Additionally, the findings of this study revealed that despite the absence of a significant difference in SSI rates between the two groups, the extended antibiotic group had a higher infection rate (4.6% vs. 2.7%). This underscores the importance of exploring additional therapeutic interventions alongside, rather than solely relying on, prolonged antibiotic regimens. It should be noted that not all SSIs can be prevented with current evidence-based strategies, and only about 55% of them can be prevented with different antibiotic prophylactic strategies [35]. Optimizing perioperative antibiotics for orthopedic surgeries is a multifaceted process that does not have a universal solution. The details involved in decision-making related to antibiotic administration require explicit yet adaptable guidelines to accommodate the diverse characteristics of orthopedic patients [36].

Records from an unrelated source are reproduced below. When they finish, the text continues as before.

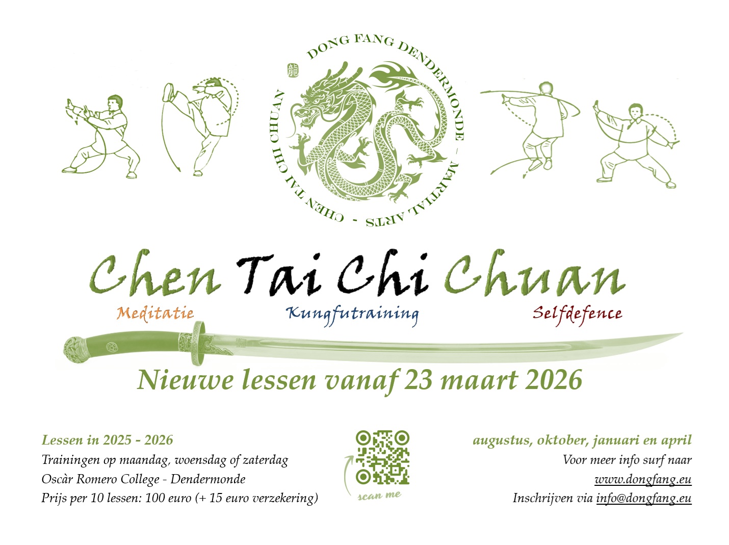Vanaf maandag 23 woensdag 24 en zaterdag 26 maart 2026 starten we met nieuwe lessenreeks voor beginners in de Chen stijl. Je kan als ‘absolute beginner’ lessen volgen op maandag-, woensdagavond of zaterdagochtend, of combineren. Voor maandagavond (de milde training) zijn de plaatsen beperkt tot 7 deelnemers. Deze groep is open voor alle leeftijden. Woensdag en zaterdag zijn er nog voldoende plaatsen. Deze trainingen staan op woensdag open voor jonger en enthousiast volk.
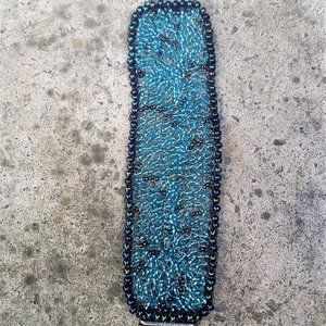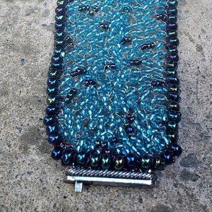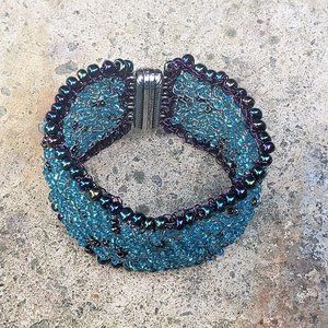 Beautiful glass and metal crochet bracelet with a strong magnetic bar clasp.
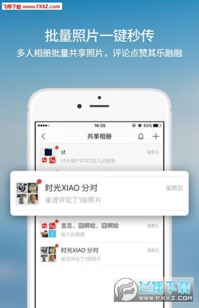 一键创建共享相册,支持多人分享照片集,解决旅行、宝宝、party等海量照片多人共享难题,还可以省流量分享到微信、微博、QQ空间哦!
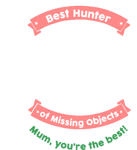A Mother's Day sticker celebrating "Mum, the Best Hunter of Missing Objects," featuring a magnifying glass finding items.
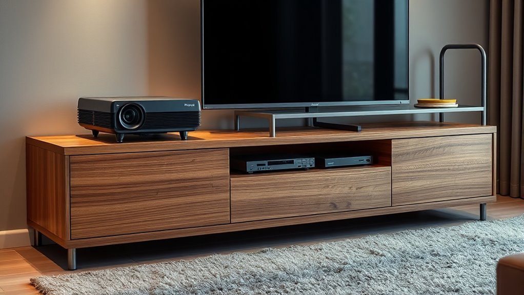 To choose the right furniture for your projectors, consider sturdy TV stands or shelves that can support both traditional and ultra short throw units securely. Look for features like adjustable shelving, cable management options, and mounting possibilities to keep cords organized and guarantee stability. For UST projectors, low-profile stands or custom mounts work best near the wall. Selecting furniture that complements your space and offers easy access will enhance performance and aesthetics—if you continue exploring, you’ll discover even more tips.
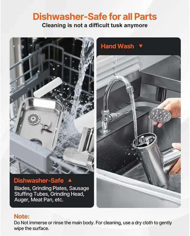 Item Model Number: 1A-EG105,Product Weight: 24.3 lbs / 11.0 kg,Grinding Capacity: 5 lbs/minute,Mouth Size: 5#,Power: 300W,Main Material: Stainless Steel,Product Size: 17.4 x 8.7 x 14.6 inch / 443 x 220 x 370 mm
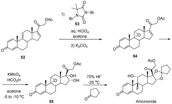 Unfortunately, synthetic routes to amcinonide are poorly described in the literature. Even the original patent issued to the American Cyanamide company [25] features little synthetic detail. An industrial synthesis of amcinonide patented by an Indian company in 2018 [26] is described in sufficient detail. It starts with readily available natural steroid 2-((10S,13S,14S)-10,13-dimethyl-3-oxo-6,7,8,10,12,13,14,15-octahydro-3H-cyclopenta[a]phenanthren-17-yl)-2-oxoethyl acetate (52). The latter is subjected to epoxidation of the non-conjugated double bond using 1,3-dibromo-5,5-dimethylhydantoin (dibromantin, 53) and aqueous perchloric acid, followed by the treatment of the resulting bromohydrin with potassium carbonate. Epoxide 54 is formed with high diastereoselectivity. The next step is dihydroxylation of the cyclopentene ring, which is brought about by potassium permanganate and formic acid in acetone. Finally, diol 55 is formed diastereoselectively, then subjected to the treatment with 70% hydrofluoric acid, followed by the addition of cyclopentanone. The net result of the latter step is epoxide opening with the fluoride anion and spirocyclic ketal formation leading to amcinonide (Scheme 13).
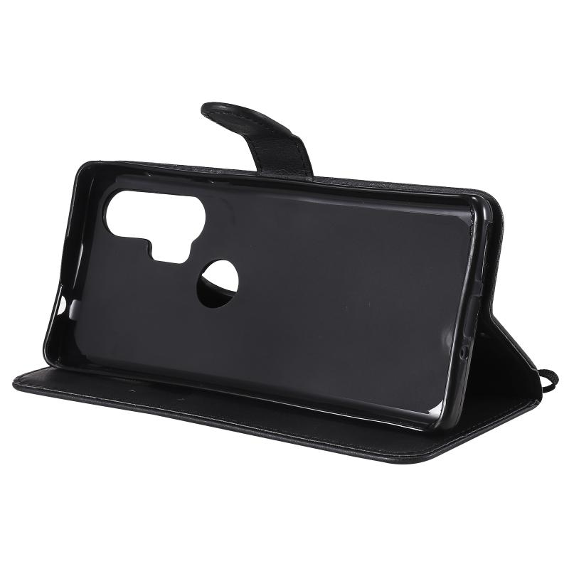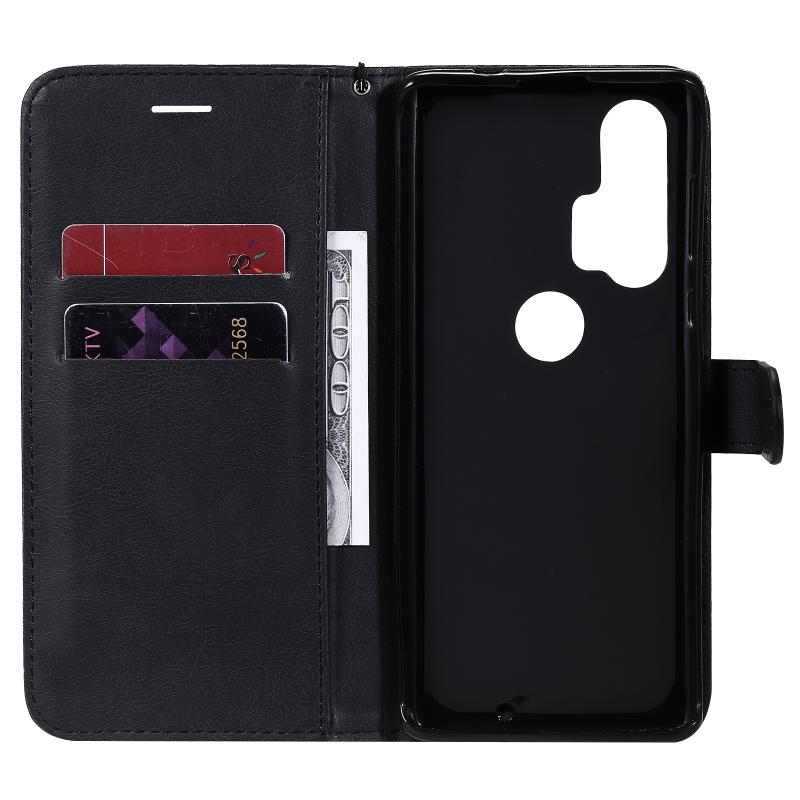 Θήκη δέρματος προστασίας για Motorola Moto Edge+ σε μονόχρωμο οριζόντιο στυλ με βάση, θήκες καρτών, πορτοφόλι, κορνίζα φωτογραφιών και κορδόνι (Χρυσό Ρόδι)
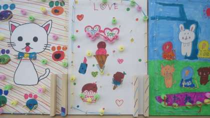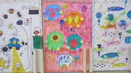 3年生の教室の後ろのロッカーの上に、工作の作品が並べてありました。ビー玉で遊ぶコリントゲームです。台板に自分の好きな絵を描いて、くぎをうちつけていきます。くぎとくぎの間に輪ゴムをかけて、ビー玉の通り道や入賞部分などをつくったりします。3年生の子どもたちがなれない手つきで、一生懸命にくぎをうっている姿が目に浮かんできました。あとでみんなで遊ぶのかな?
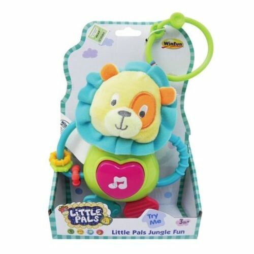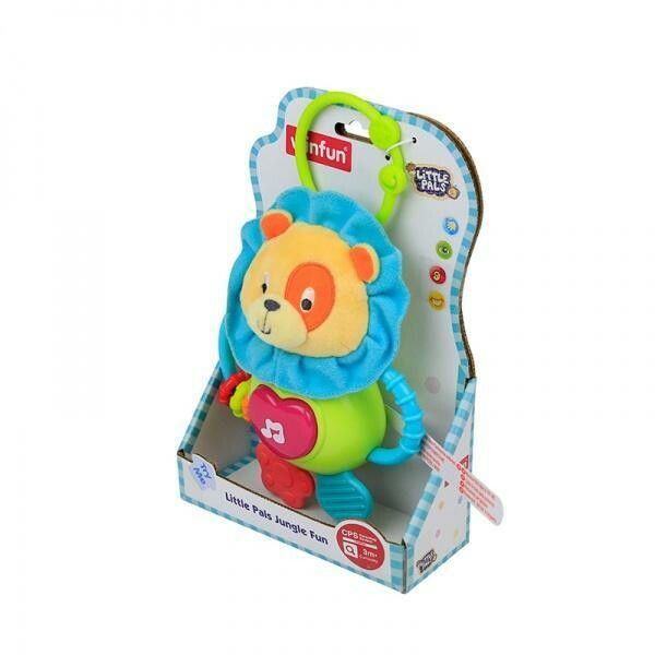 ES UN PELUCHE EN FORMA DE LEON QUE INCLUYE DIFERENTES FUNCIONES PARA ESTIMULAR LOS SENTIDOS DEL BEBE APRETANDO EN SU BARRIGUITA CON FORMA DE CORAZON SONARAN DIFERENTES MELODIAS Y LUZ VIENE CON AGARRADOR Y MORDEDORES QUE FACILITAN EL MANEJO DEL BEBE Y FOMENTA SU DESARROLLO Y CRECIMIENTO SENSORIAL EDAD: + 3 MESES
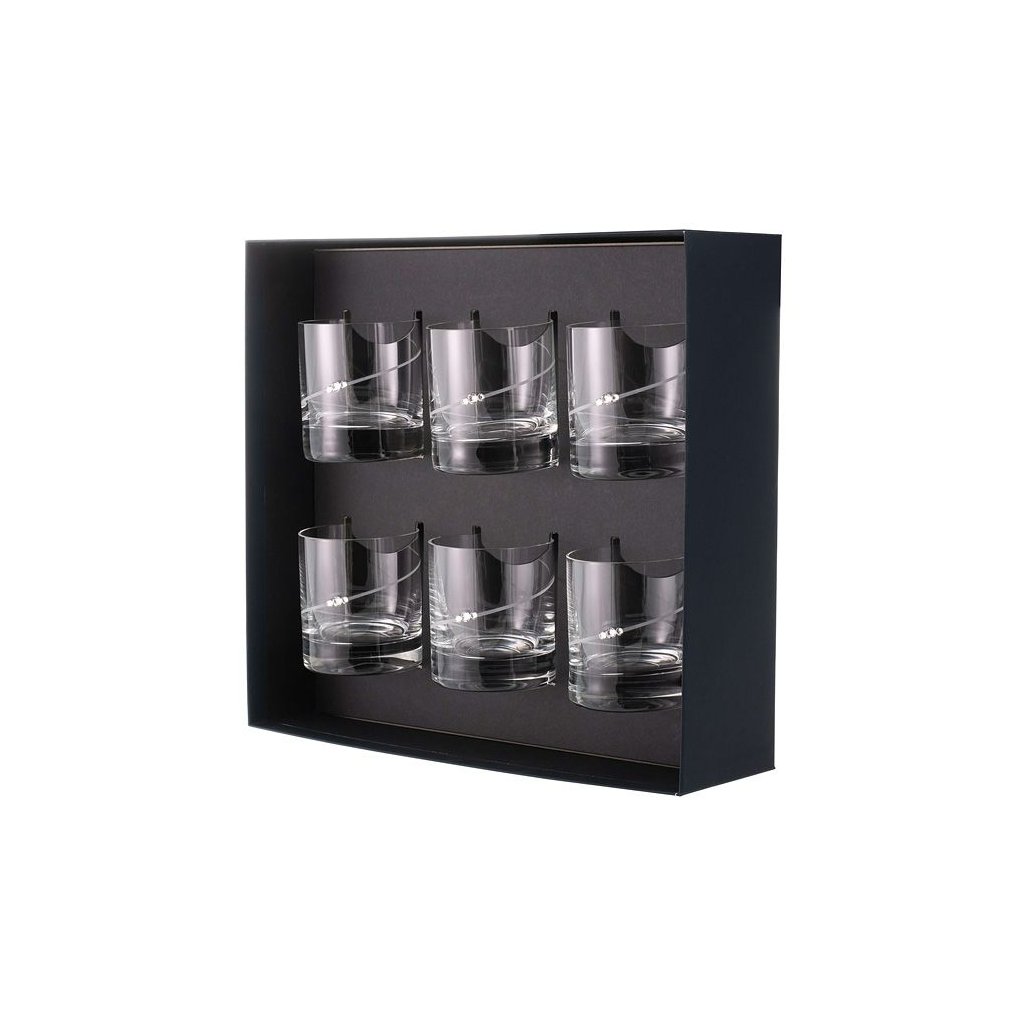 Sada 6 krištáľových pohárov, ktoré sú určené na pitie vody, nealkoholických nápojov, ale aj . Prezentované v darčekovej škatuľke s čiernym saténom. Zdobené originálnymi kryštálmi Swarovski.
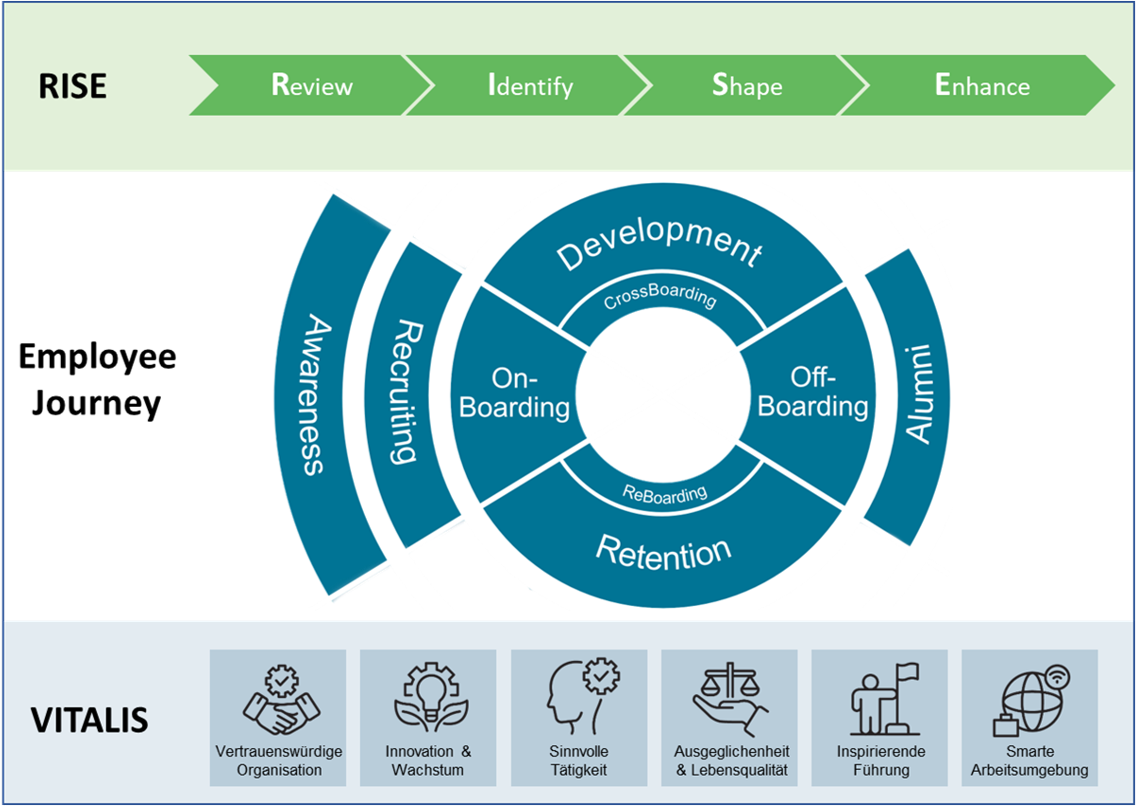 RISE ist ein strukturierter Fahrplan für organisationalen Wandel – und wird eingesetzt, um Menschen, Prozesse und Kultur wirksam zu synchronisieren.
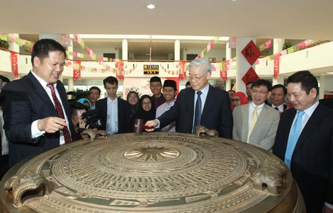 | Tổng Bí thư Nguyễn Phú Trọng thăm Trường Đại học FPT tại Khu công nghệ cao Hòa Lạc. Ảnh : TTXVN. |
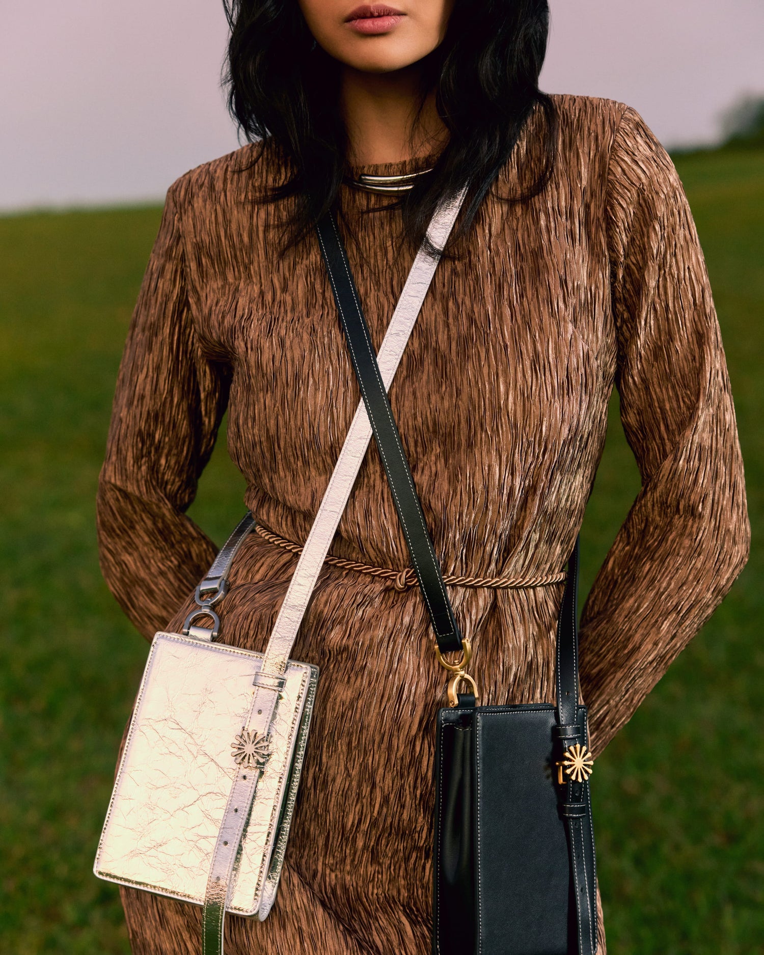 Bolsa tiracolo com design geométrico, estrutura compacta e laterais expansíveis. Traz alça longa estilo cinto com fivela estrela Esthera e ajuste prático. Ideal para usar tiracolo, com leveza e estilo.
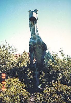 ■8/13・アパトサウルス ディプロドクス科、全長21m、草食。ジュラ紀後期、ユタ州で見つかるアパトサウルス ロウイサエ(Apatosaurus louisae)、旧称「ブロントサウルス」。ディプロドクスに似た小さな頭骨の上部に鼻孔が開口し、釘状の前歯が特徴である。足跡の化石から、群れで生活していたと考えられる。 |
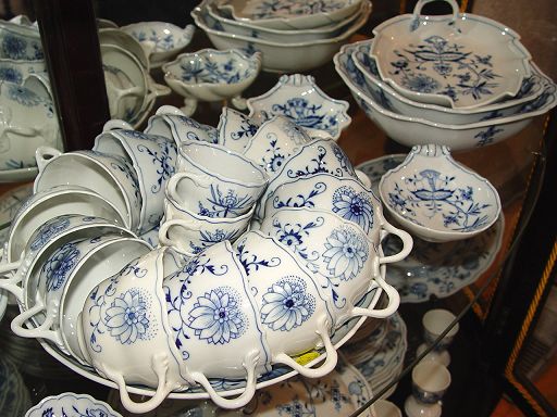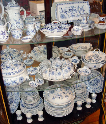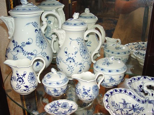 HUGE COLLECTION OF MEISSEN ''BLUE ONION'' CHINA: 92 pieces to include 12 dinner plates (10'' dia.), 7 plates (8''), 9 plates (7 1/2''), 14 teacups, 12 saucer bowls, 3 demitasse cups, 3 saucers, 2 butter pats, 2 cream pitchers, 2 covered sugar, 6 egg cups, chamber stick, 11'' tray, coffee pot, teapot, reticulated basket (10 1/4''), divided dish with handle, low serving bowl (11'') 2 square serving bowls, pepper mill, leaf dish, 2 large covered servers, and 7 assorted small tidbit dishes. All with the cross sword mark. Also in this great lot are 6 Hutschenreuther bread plates and 6 reticulated dessert plates with the oval Meissen mark. Est. $800/1200**
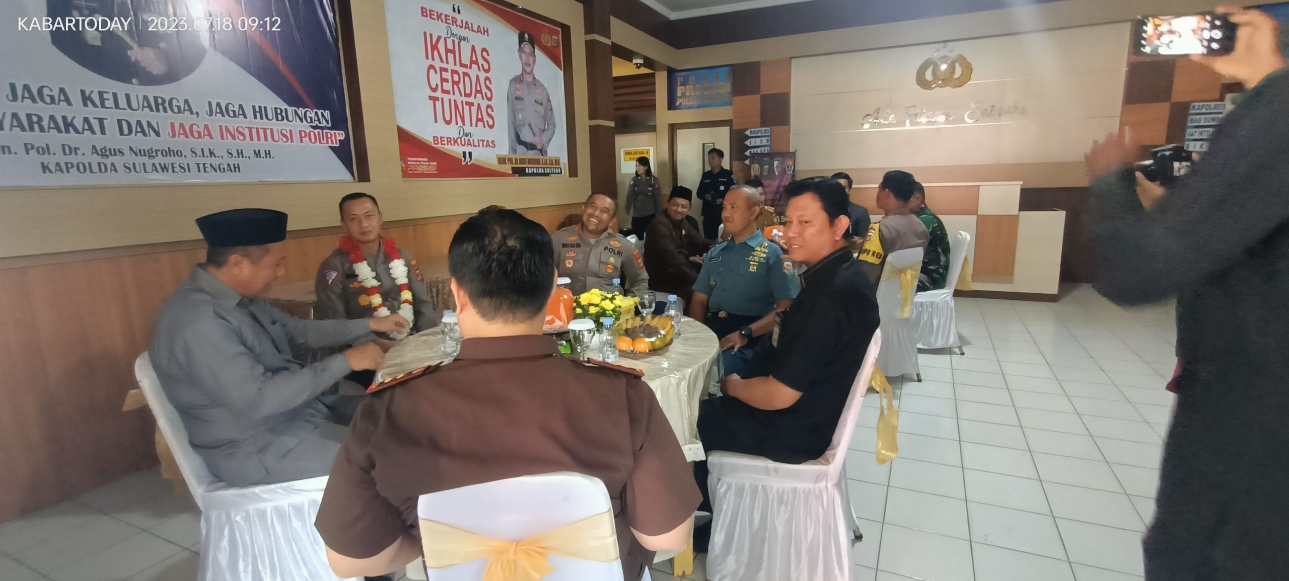 Setelah disambut dengan pasukan pedang pora, pejabat lama AKBP Ridwan Raja Dewa SIK, terlihat menyambut Kapolres baru, untuk bertatap muka bersama wakil Ketua DPRD Tolitoli Jemmy Yusuf, Danlanal Tolitoli, Dandim 1305/BT, yang di wakili Pasi OPS Kodim 1305/BT Kapten Inf Yan G. Loliwu, Kajari Tolitoli Albertinus Parlinggoman Napitupulu, SH. MH, Kepala Kemenag Tolitoli yang di wakili, Kepala dinas Pendidikan Kabupaten Tolitoli Usman Taba, ketua Pengadilan Negeri Tolitoli.
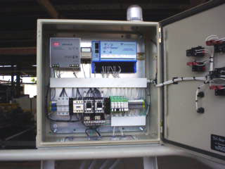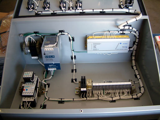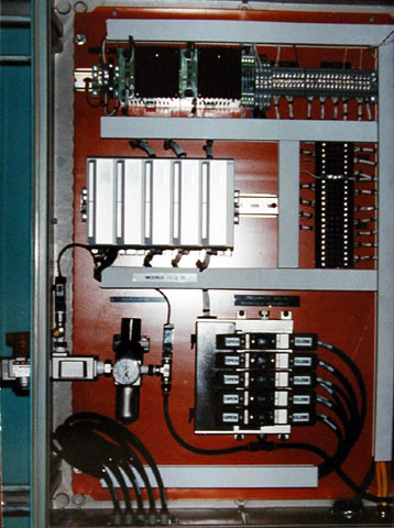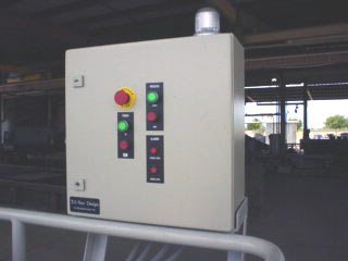 Control system used to operate a large bandsaw. The saw is used to remove the warheads from test missiles and small rockets. The main enclosure is mounted on the saw and controls the speed and direction of motion. It also had to fulfill very tight space restrictions. The remote panel is contained in a blockhouse almost 100 feet away from the saw.

Our study had some limitations as the study design was retrospective, and the related bias of the study design applies to this study. Future large-scale, multicenter, and randomized controlled trials are needed to provide high-quality evidence to support our findings. Secondly, the data on the indications for extended prophylactic antibiotics were not available. Therefore, addressing the underlying reason that the surgeon gave extended antibiotics to some patients may significantly affect the result and conclusion. Moreover, our sample size was heterogeneous as we included patients who were candidates for different types of orthopedic surgeries. It should be noted that while we reported differences in post-operative complications between the short-term and extended oral antibiotic group, these findings should be interpreted as observational associations rather than evidence of causation. We suggest that future studies assess the effect of the duration of prophylaxis on the rate of SSI in homogenous patients concerning the type of orthopedic surgery. Also, further studies are needed to evaluate the long-term impact of perioperative antibiotic duration on antimicrobial resistance patterns.
Conclusion
We compared the postoperative infection rate and complications in two groups of patients who received short-term or extended oral antibiotics following four orthopedic surgeries. Our results indicated prolonged prophylactic antibiotics are ineffective in reducing surgical site infections following these orthopedic surgeries. Furthermore, the patients who received extended oral antibiotics presented with more postoperative complications compared to the short-term antibiotic group. Based on the findings of our study, extended oral antibiotics beyond 24 hours after the surgery are not recommended.
Supporting information
S1 File. Patient-related risk factors for SSI and Postoperative complications.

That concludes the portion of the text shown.